HOW TO COMPLETE THIS TASK:
Give back the lines of the entries below exactly as written, from the first line to the line holding "2014’ 전국 대학생 섬 문화 체험(선착순 30명 접수)", both included, with the pictures omitted.
[GIVEN ENTRIES — start]
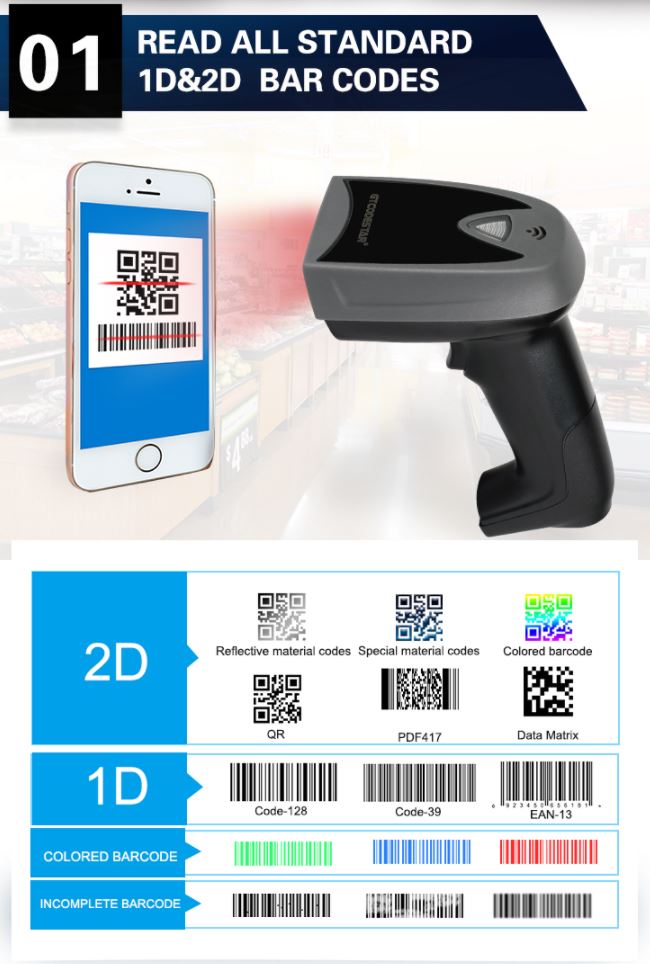 קורא ברקודים מסוג: 1D ו-2D
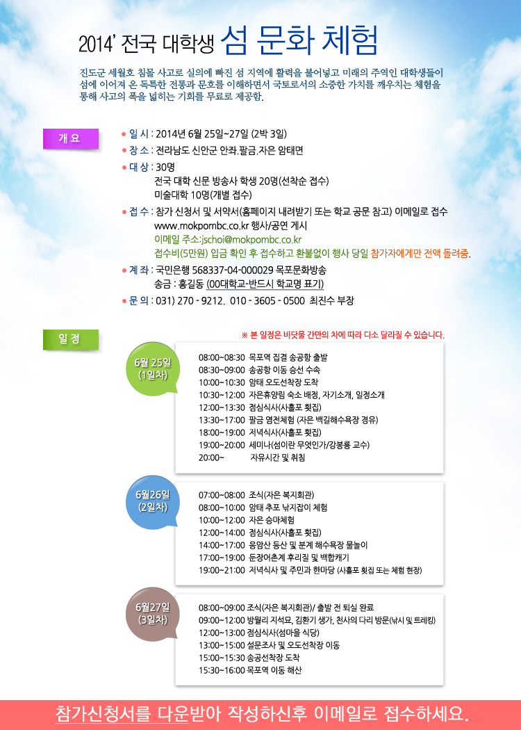 2014’ 전국 대학생 섬 문화 체험(선착순 30명 접수)
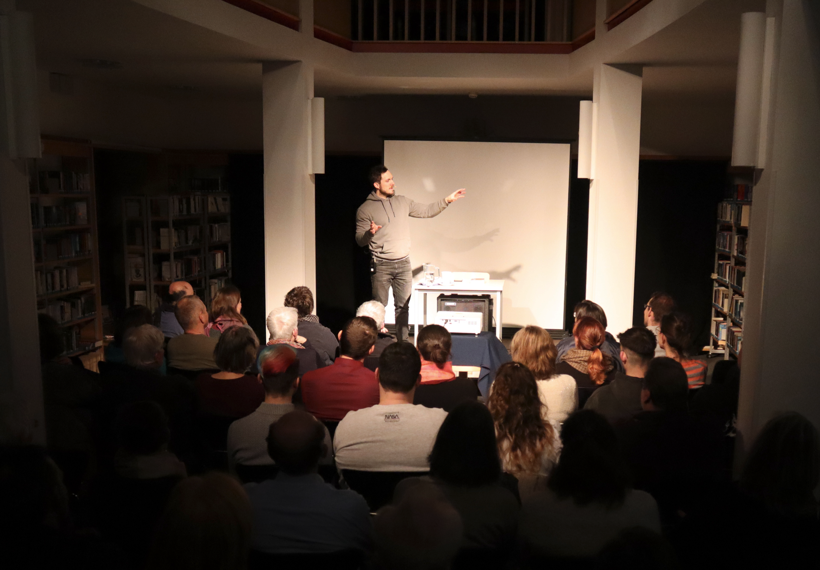 Michaela Reidel, die Leiterin der Gemeindebücherei Neufahrn hatte einen Abend angekündigt mit Comedy, Gesprächen, Poetry Slam, interaktiven Elementen und natürlich Passagen aus dem Buch: „Von hier betrachtet sieht das scheiße aus“. Max Osswald will mit seinem Debütroman, den Nerv einer ganzen Generation treffen, die heute nicht mehr so optimistisch in die Zukunft blickt. In der ausverkauften Gemeindebibliothek erfüllte der Autor alle angekündigten Punkte mit hohem Unterhaltungswert, dabei kurzweilig, mit tiefgründigem Humor und gleichzeitig einer rasiermesserscharfen Analyse der Hoffnungslosigkeit. Max Osswald stellt im ersten Kapitel seines Romans seinen Protagonisten Ben Schnieder (29) vor, dem das Leben nichts mehr zu bieten hat und der deshalb beschließt „sich das Leben nehmen zu lassen“. Ein Auftragsmörder soll den Job innerhalb von 50 Tage erledigen. Als nächstes beantwortete der Romanautor die Fragen der Zuhörer. Das Interesse galt seinem Einstieg in die Schriftstellerei bzw. wie ein Roman entsteht. Osswald berichtete, dass im Jahr 2017 „eine etwas merkwürdige Veranstaltung, ein Speaker Event“, das auslösende Moment war. Unter den damaligen Zuhörern war eine Lektorin, die begeistert war und ihn aufforderte doch einmal einen Roman zu schreiben.
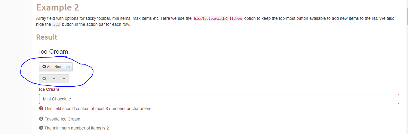 我正在查看正式文件,但是我没有发现任何关于禁用数组对象顶部按钮的方法,有什么方法可以禁用这些按钮吗?我试着将param toolbar设置为{}或null,但是按钮仍然存在。提前感谢
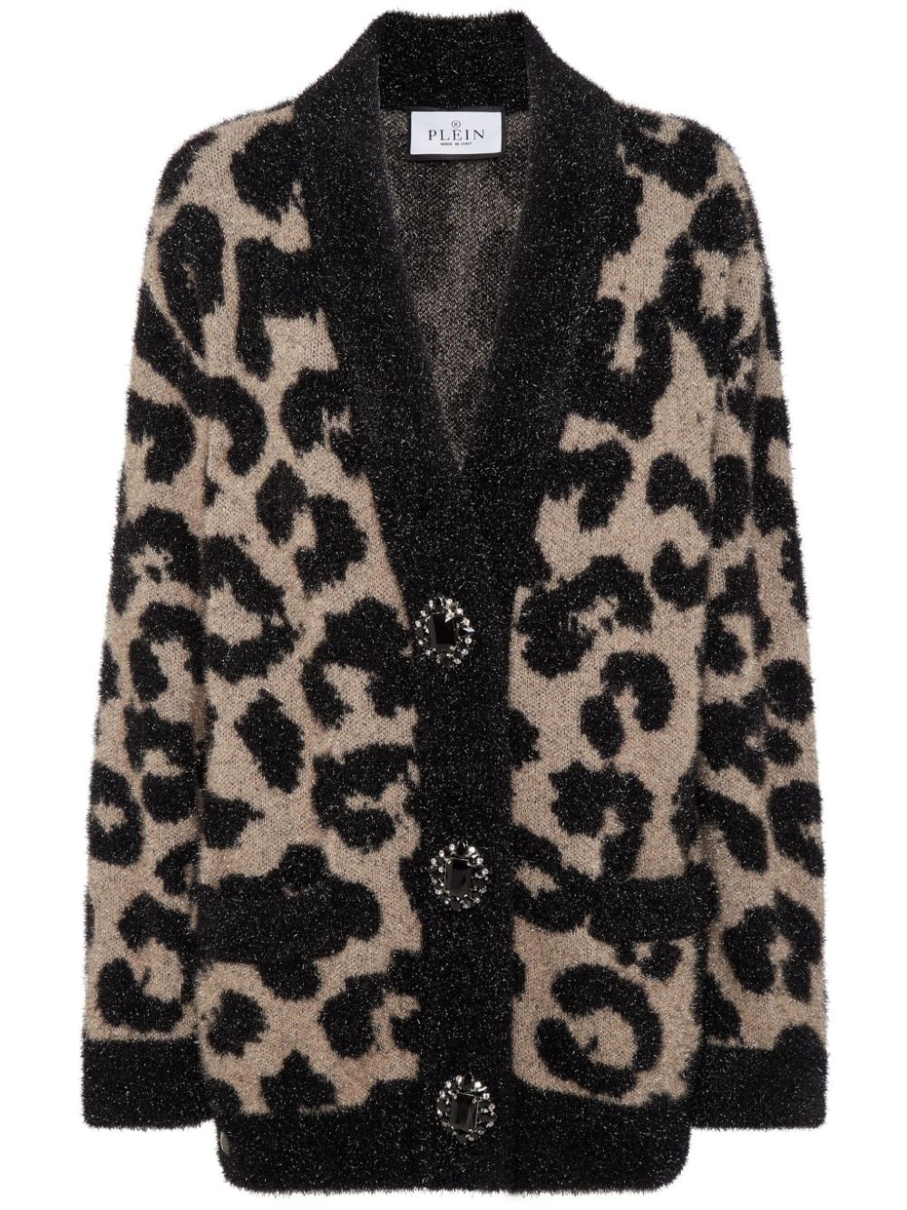 leopard-print lurex cardigan Highlights - Coffee brown/black - Knitted construction - Lurex detailing - All-over leopard print - Crystal-embellished buttons - V-neck - Front button fastening - Long sleeves - Two front welt pockets - Straight hem Made in Italy Composition Nylon 97%, Wool 3%
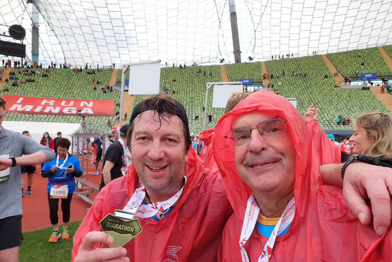 Fast wäre mir der München Marathon in diesem Jahr durch die Lappen gegangen. Noch nicht ganz in Marathonform, entschied ich mich zunächst gegen eine Teilnahme. Bei einem Stadtmarathon sollte zumindest eine Laufzeit von unter fünf Stunden drin sein und das ist es aktuell noch nicht. Es fehlen mir die langen Läufe und vor allem das Vertrauen in meine Wirbelsäule. Das alles braucht noch etwas Zeit und die will und muss ich mir auch nehmen. Ganz so viel Zeit hat mein Laufbruder Jürgen Englerth nicht. Er muss in vier Wochen beim New York Marathon die 5:30 Stunden pacen und hängt auch noch etwas hinten nach. Daher kam ihm die Idee mal bei mir nachzufragen. Gemeinsam, ganz langsam und gemütlich und das Ganze innerhalb des Zeitlimits von sechs Stunden. So wird auch für mich ein Schuh draus und wir nutzen am Samstag vor dem Marathonwochenende die Nachmeldefunktion auf der Homepage des München Marathons.
[GIVEN ENTRIES — finish]
SOLUTION TO THIS EXERCISE:
 קורא ברקודים מסוג: 1D ו-2D
 2014’ 전국 대학생 섬 문화 체험(선착순 30명 접수)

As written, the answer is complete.